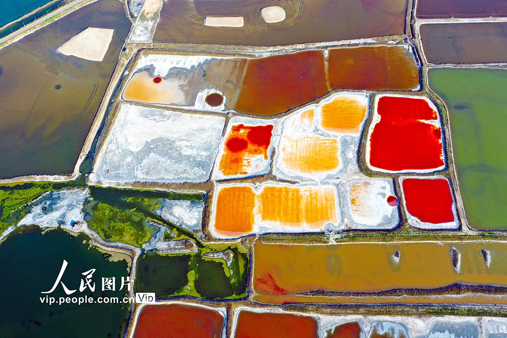 2024年5月22日,从空中俯瞰山西省运城市七彩盐湖犹如大自然的调色盘,色彩斑斓,美不胜收。郝健摄(人民图片网)...
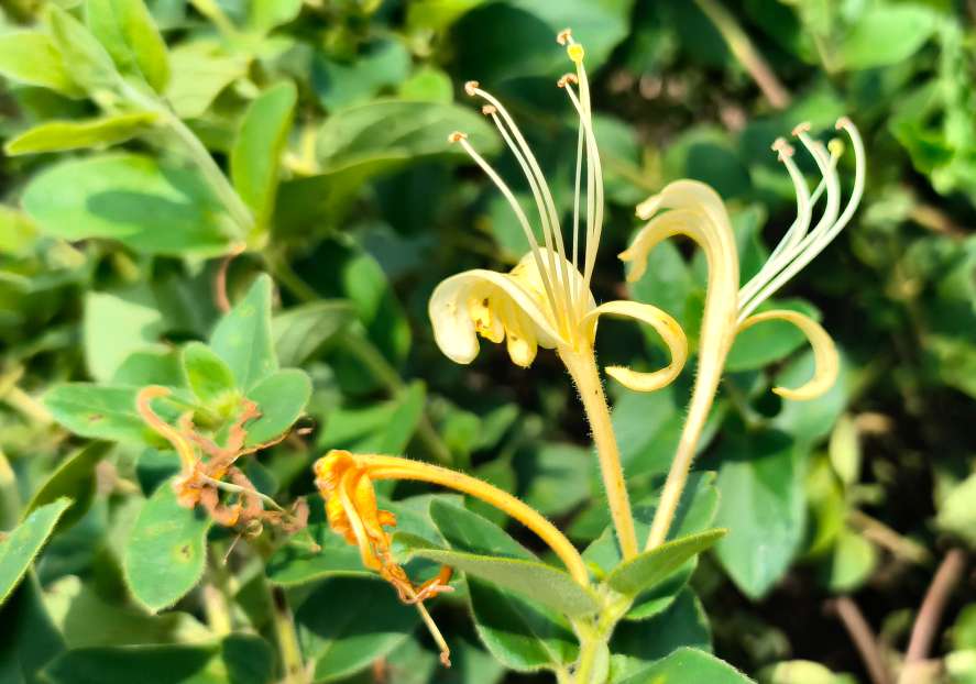 而 “金银花” 这个名字,则是从明代开始被大家熟知。李时珍在《本草纲目》中详细记载:“忍冬处处有之。附树延蔓,茎微紫色,对节生叶…… 三四月开花,长寸许,一蒂两花二瓣,一大一小,如半边状,长蕊。花初开者蕊瓣俱白色,经二三日,则色变黄。新旧相参,黄白相映,故呼金银花,气甚芬芳。” 他用生动的笔触,描绘出忍冬花从白色到黄色的转变过程,就像把金银两种珍贵的金属巧妙地融合在了一起,从此 “金银花” 这个美丽的名字就被人们用来称呼它,一直沿用至今。
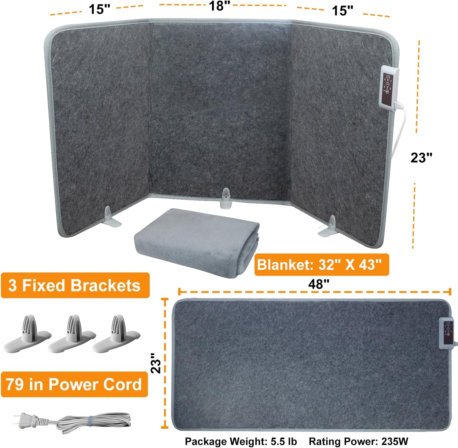 5.【The fabric panel heater includes】1) The unfolded size of standing heater is long*height 48in*23in, folded size: 18in*23in; 2) 79" extra long cord; 3) 3 brackets can help secure the product firmly. Controller is positioned upward, making it more convenient to operate. You can get warmth with just one click! The heater is foldable, easy to store. The heater has gentle heating, no light, no noise, no dry air, no odor, touchable and safe, pets kids friendly.
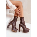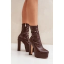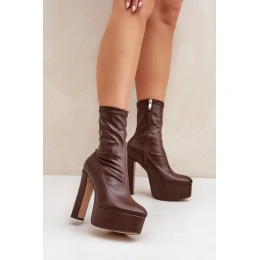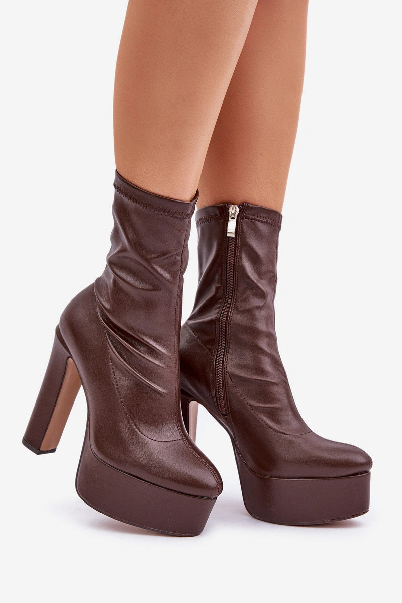Dámské boty vyrobené z ekologické kůže. Tento model vyniká masivní platformou a vysokým sloupkovým podpatkem. Zapínání na zip. Vnitřek je zateplený pouze v oblasti chodidla. Špičky ve tvaru mandle. Stylové a ženské, skvělé na různé příležitosti! Při výběru velikosti se řiďte tabulkou velikostí.
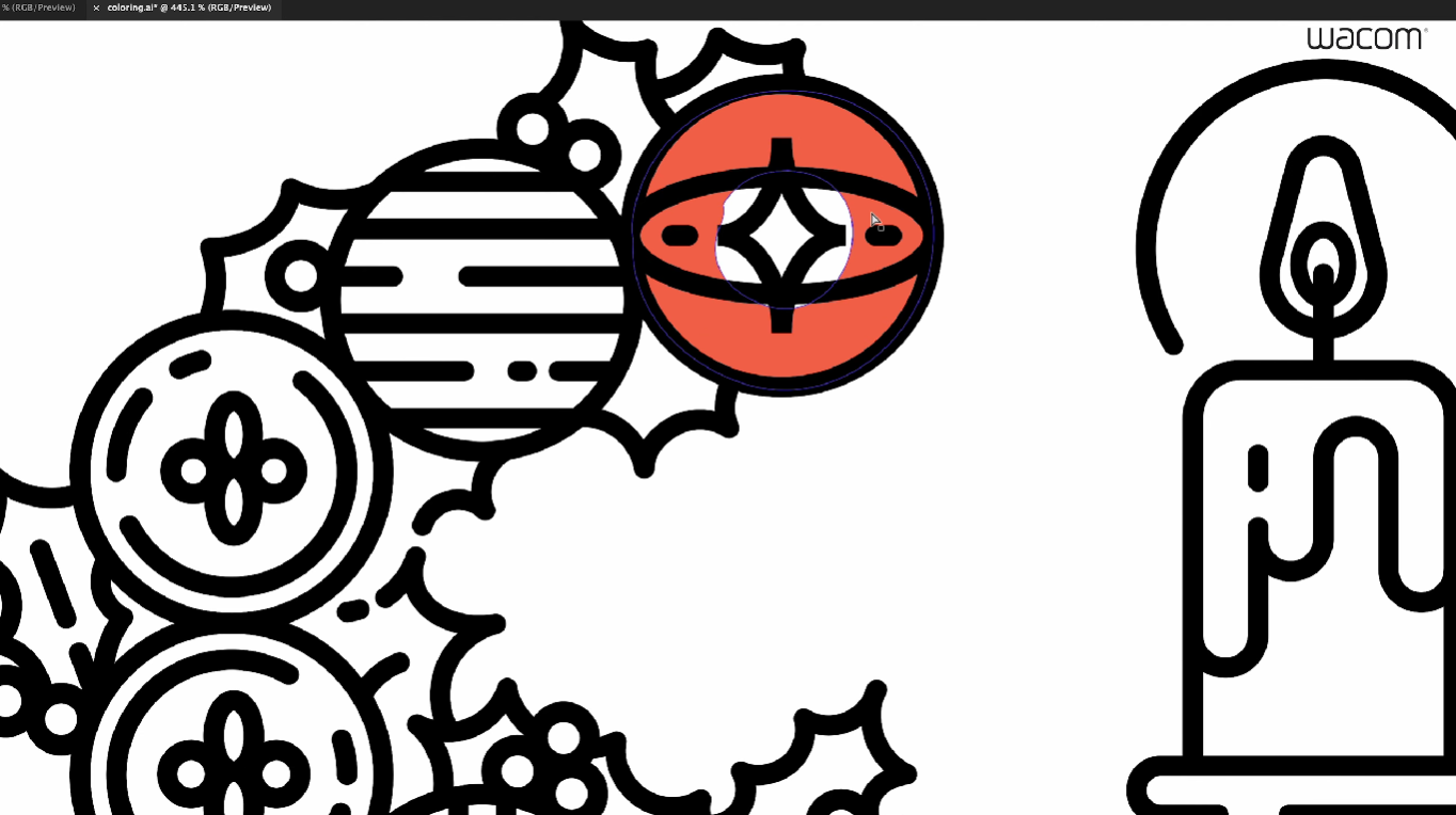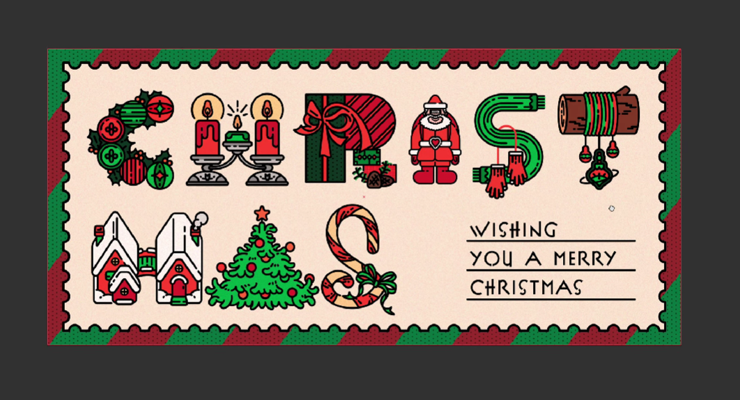 먼저 처음 등장하는 스펠링 C는 트리에 달릴 만한 오너먼트로 구성했어요. 곡선 형태로 작업했는데, 타블렛을 이용하면 곡선을 쉽게 그릴 수 있어서 좋습니다. 그리고 작가님은 기본적으로 일러스트레이터에서 펜툴을 자주 사용하지만, 곡선 형태를 그리거나 좀 더 드로잉 느낌을 주고 싶으면 연필툴을 사용한다고 하네요.
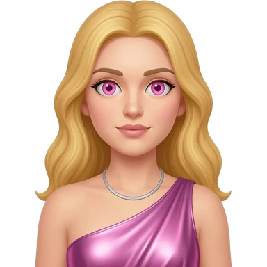 Aphrodite from Greek Mythology with pink eyes, long blonde hair, pink metallic one shoulder dress, silver necklace emoji
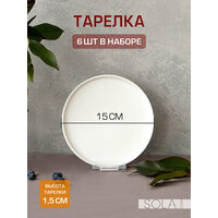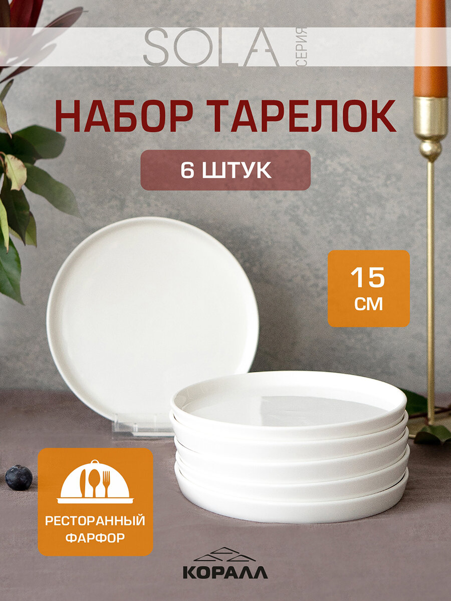Купить Тарелки десертные блюдца круглые плоские с бортом 15 см 6 шт. набор тарелок пирожковых Sola фарфор с доставкой по всей России.
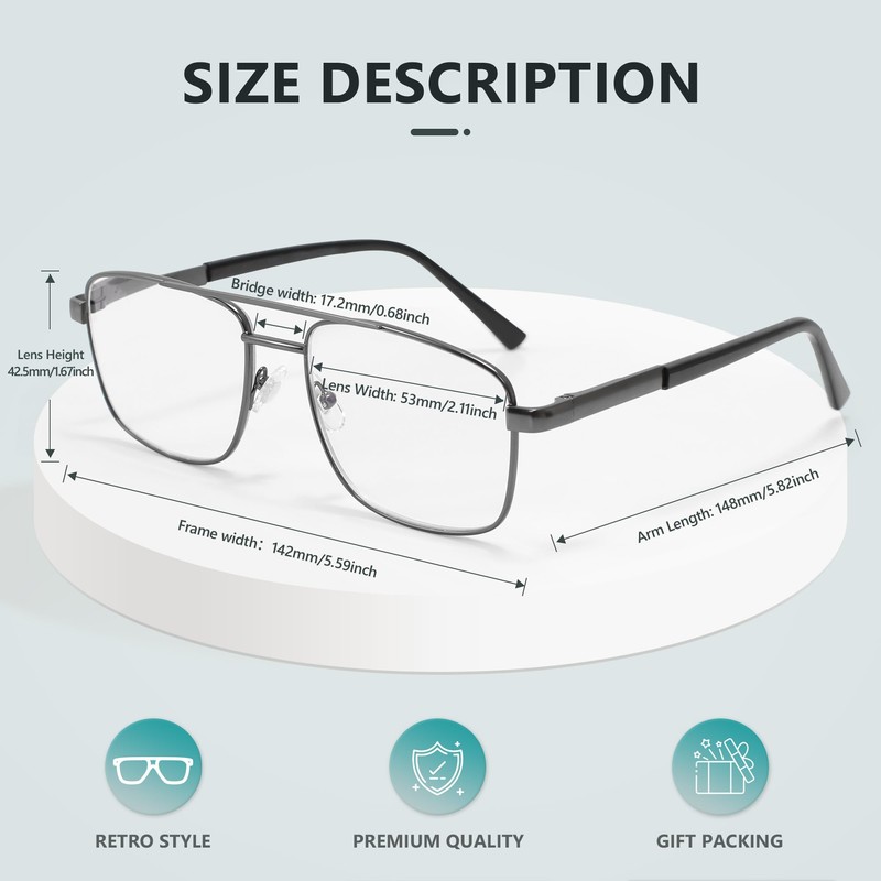 - 【Product Dimension】-Lens width:53.5mm(2.11inch),Lens height:42.5mm(1.67inch),Frame width:142mm(5.60inch),Nose Bridge:17.2mm(0.68inch),Temple length:148mm(5.82inch)
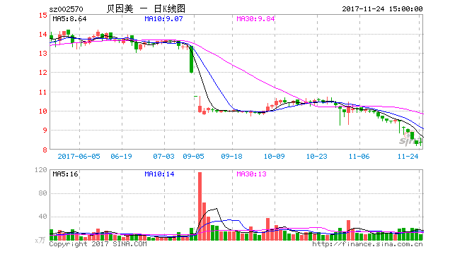 - 2017年11月27日2017年11月17日临近收盘14时42分,贝因美(002570)出现异动,股价大幅下跌6.2%,创历史新低(除权后价格)。截至发稿,该股报8.92元/股,成交量13.368万手,换手率1.31%,振幅7.06%,量比1.25。该股最近一日(2017-10-27)融资融券数据为:融资余额44691.71万元,融资买入额1906.52万元,融券余量4.12万股,融券卖出量0.0万股。最新的三季报显示...
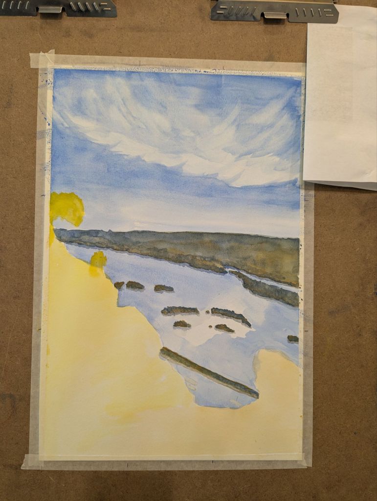 This view based on my daughter’s photo features cirrus clouds and a horseshoe shaped cluster of islands. I’ve noticed that shape before. I’m guessing it has to do with sediment and the current.
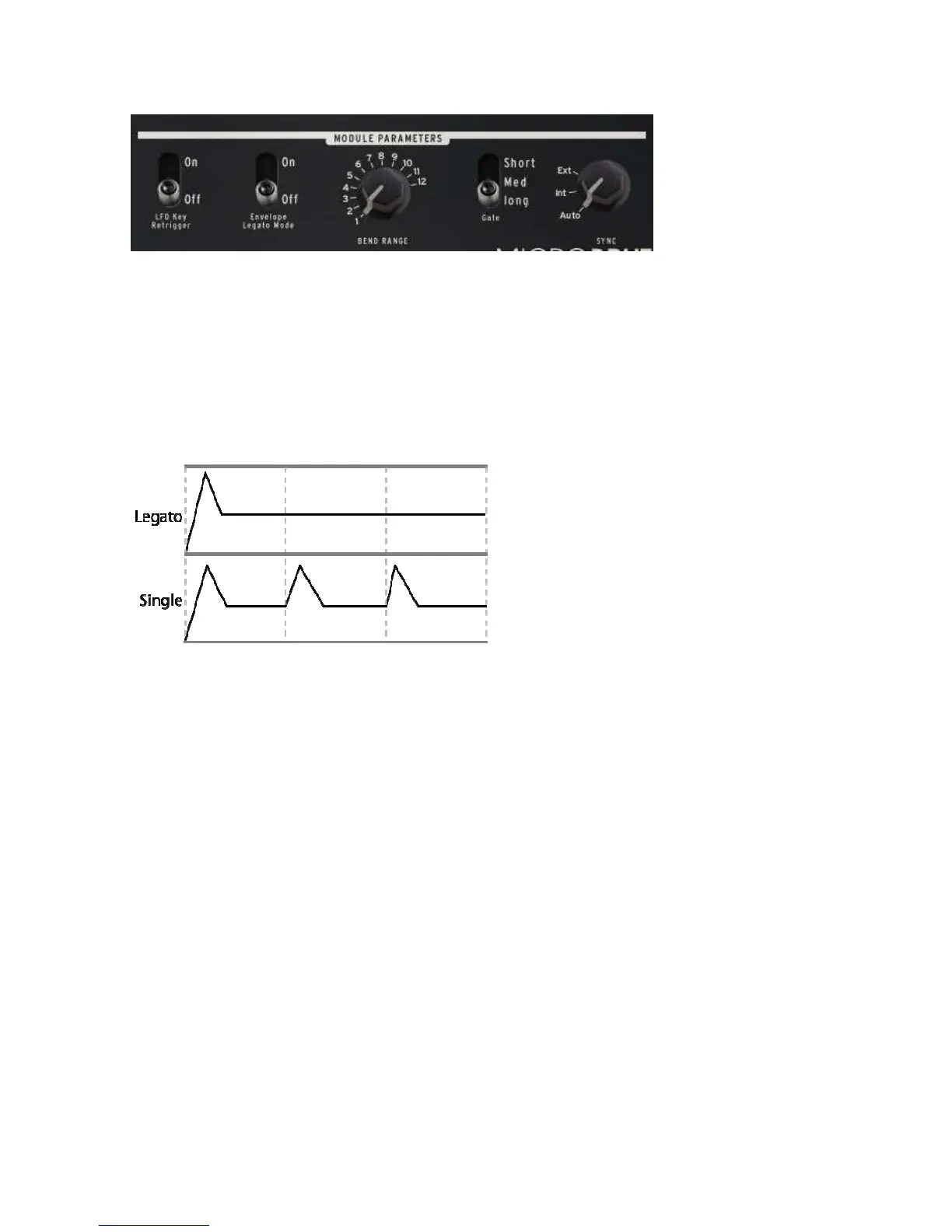 • Single/Legato off - Legato allows you to trigger new notes in the envelope but
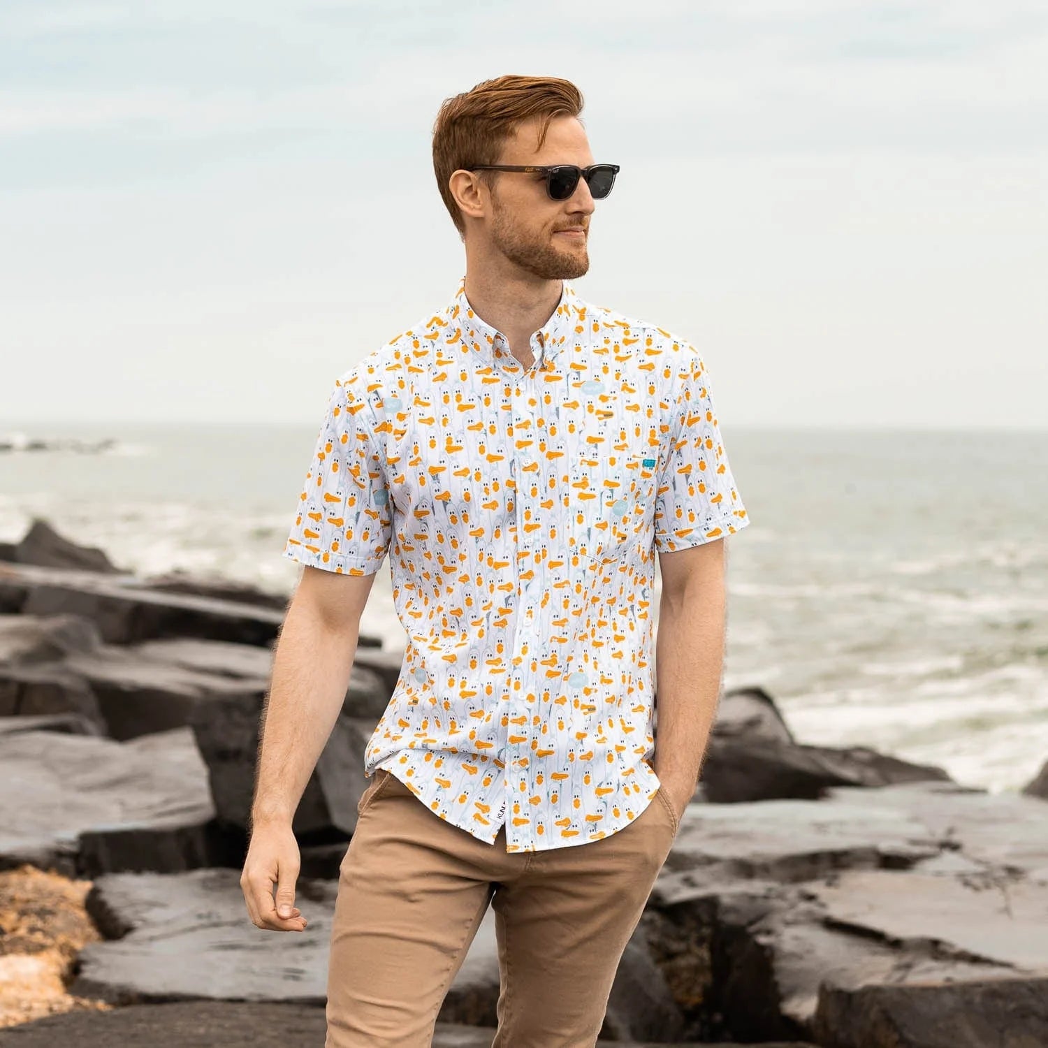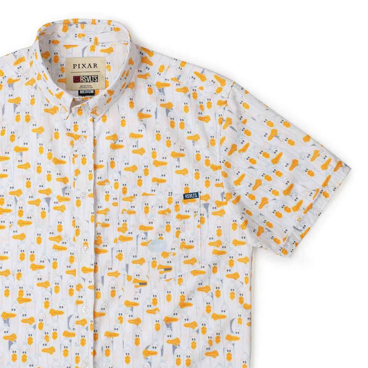 Everybody fasten your seatbelts, but don't make any sudden movements. This isn't just any old bright and colorful shirt pattern, those are actually the diabolically hungry seagulls from Disney and Pixar's Finding Nemo! Feast your eyes on those feasting their eyes with this soft and stretchy KUNUFLEX™ button down.
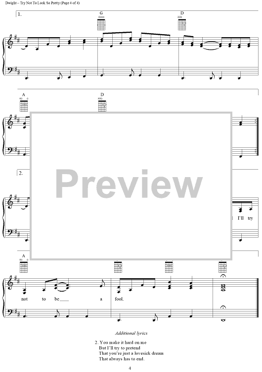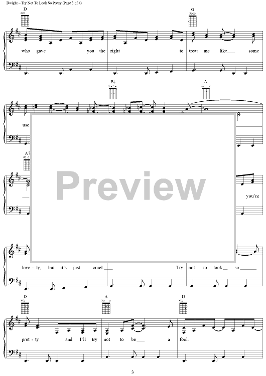 "Try Not To Look So Pretty" Sheet Music by Dwight David Yoakam
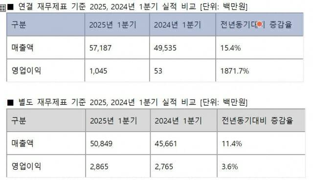 작년 동기대비 연결 기준 매출은 76억원(15.4%), 영업이익은 9.9억원(1871.7%) 증가했다. 별도 재무제표 기준으로는 전년 동기 대비 매출 52억원(11.4%), 영업이익 1억원(3.6%) 각각 늘었다.
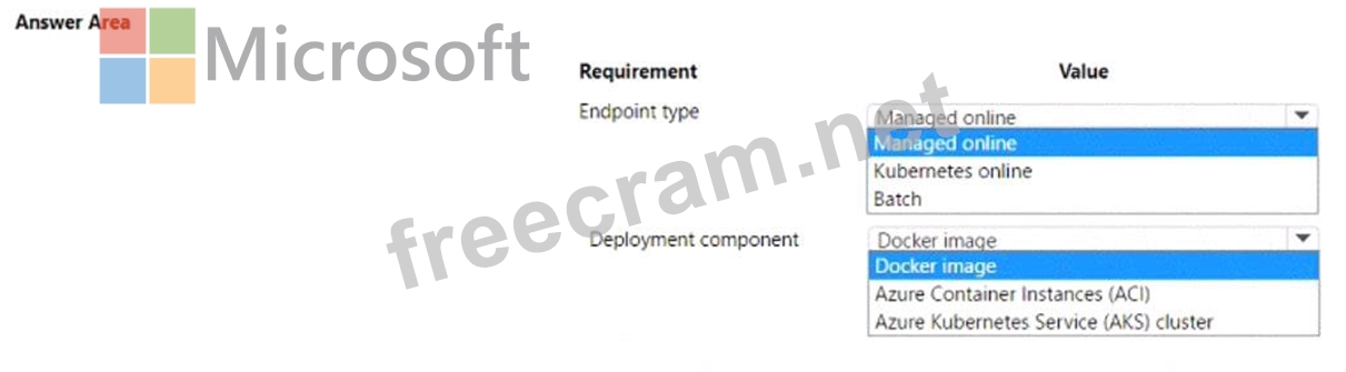 You create an Azure Machine Learning model to include model files and a scorning script. You must deploy the model. The deployment solution must meet the following requirements:
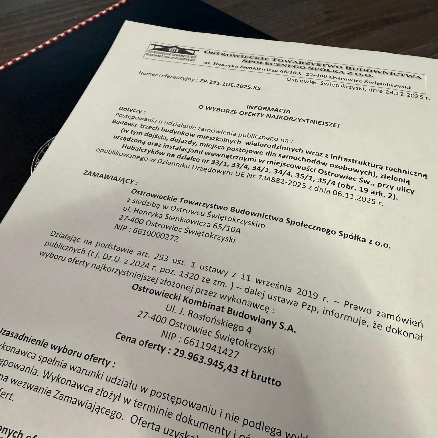 W przetargu na budowę trzech bloków mieszkalnych wpłynęło pięć ofert. Trzy z nich mieściły się w kwocie przeznaczonej przez gminę Ostrowiec na realizację j inwestycji o wartosci 32 mln 850 tys. złotych. Najniższą kwotę zaoferował Ostrowiecki Kombinat Budowlany. W ramach tego zadania mieszkania będą gotowe do zamieszkania, nie będzie to stan deweloperski. Na realizację inwestycji wykonawca ma 22 miesiące.
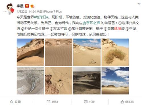 不只如斯,去世界地球日当天,李晨还积极响应京环之声的微号召,呼吁公家地球,还正在微博上PO出了环保宣言:

EXERCISE REQUIREMENTS: Could you give all of the data again exactly as written, omitting any pictures?

REPLY TO THE TASK:
 2024年5月22日,从空中俯瞰山西省运城市七彩盐湖犹如大自然的调色盘,色彩斑斓,美不胜收。郝健摄(人民图片网)...
 而 “金银花” 这个名字,则是从明代开始被大家熟知。李时珍在《本草纲目》中详细记载:“忍冬处处有之。附树延蔓,茎微紫色,对节生叶…… 三四月开花,长寸许,一蒂两花二瓣,一大一小,如半边状,长蕊。花初开者蕊瓣俱白色,经二三日,则色变黄。新旧相参,黄白相映,故呼金银花,气甚芬芳。” 他用生动的笔触,描绘出忍冬花从白色到黄色的转变过程,就像把金银两种珍贵的金属巧妙地融合在了一起,从此 “金银花” 这个美丽的名字就被人们用来称呼它,一直沿用至今。
 5.【The fabric panel heater includes】1) The unfolded size of standing heater is long*height 48in*23in, folded size: 18in*23in; 2) 79" extra long cord; 3) 3 brackets can help secure the product firmly. Controller is positioned upward, making it more convenient to operate. You can get warmth with just one click! The heater is foldable, easy to store. The heater has gentle heating, no light, no noise, no dry air, no odor, touchable and safe, pets kids friendly.
Dámské boty vyrobené z ekologické kůže. Tento model vyniká masivní platformou a vysokým sloupkovým podpatkem. Zapínání na zip. Vnitřek je zateplený pouze v oblasti chodidla. Špičky ve tvaru mandle. Stylové a ženské, skvělé na různé příležitosti! Při výběru velikosti se řiďte tabulkou velikostí.
 먼저 처음 등장하는 스펠링 C는 트리에 달릴 만한 오너먼트로 구성했어요. 곡선 형태로 작업했는데, 타블렛을 이용하면 곡선을 쉽게 그릴 수 있어서 좋습니다. 그리고 작가님은 기본적으로 일러스트레이터에서 펜툴을 자주 사용하지만, 곡선 형태를 그리거나 좀 더 드로잉 느낌을 주고 싶으면 연필툴을 사용한다고 하네요.
 Aphrodite from Greek Mythology with pink eyes, long blonde hair, pink metallic one shoulder dress, silver necklace emoji
Купить Тарелки десертные блюдца круглые плоские с бортом 15 см 6 шт. набор тарелок пирожковых Sola фарфор с доставкой по всей России.
 - 【Product Dimension】-Lens width:53.5mm(2.11inch),Lens height:42.5mm(1.67inch),Frame width:142mm(5.60inch),Nose Bridge:17.2mm(0.68inch),Temple length:148mm(5.82inch)
 - 2017年11月27日2017年11月17日临近收盘14时42分,贝因美(002570)出现异动,股价大幅下跌6.2%,创历史新低(除权后价格)。截至发稿,该股报8.92元/股,成交量13.368万手,换手率1.31%,振幅7.06%,量比1.25。该股最近一日(2017-10-27)融资融券数据为:融资余额44691.71万元,融资买入额1906.52万元,融券余量4.12万股,融券卖出量0.0万股。最新的三季报显示...
 This view based on my daughter’s photo features cirrus clouds and a horseshoe shaped cluster of islands. I’ve noticed that shape before. I’m guessing it has to do with sediment and the current.
 • Single/Legato off - Legato allows you to trigger new notes in the envelope but
 Everybody fasten your seatbelts, but don't make any sudden movements. This isn't just any old bright and colorful shirt pattern, those are actually the diabolically hungry seagulls from Disney and Pixar's Finding Nemo! Feast your eyes on those feasting their eyes with this soft and stretchy KUNUFLEX™ button down.
 "Try Not To Look So Pretty" Sheet Music by Dwight David Yoakam
 작년 동기대비 연결 기준 매출은 76억원(15.4%), 영업이익은 9.9억원(1871.7%) 증가했다. 별도 재무제표 기준으로는 전년 동기 대비 매출 52억원(11.4%), 영업이익 1억원(3.6%) 각각 늘었다.
 You create an Azure Machine Learning model to include model files and a scorning script. You must deploy the model. The deployment solution must meet the following requirements:
 W przetargu na budowę trzech bloków mieszkalnych wpłynęło pięć ofert. Trzy z nich mieściły się w kwocie przeznaczonej przez gminę Ostrowiec na realizację j inwestycji o wartosci 32 mln 850 tys. złotych. Najniższą kwotę zaoferował Ostrowiecki Kombinat Budowlany. W ramach tego zadania mieszkania będą gotowe do zamieszkania, nie będzie to stan deweloperski. Na realizację inwestycji wykonawca ma 22 miesiące.
 不只如斯,去世界地球日当天,李晨还积极响应京环之声的微号召,呼吁公家地球,还正在微博上PO出了环保宣言:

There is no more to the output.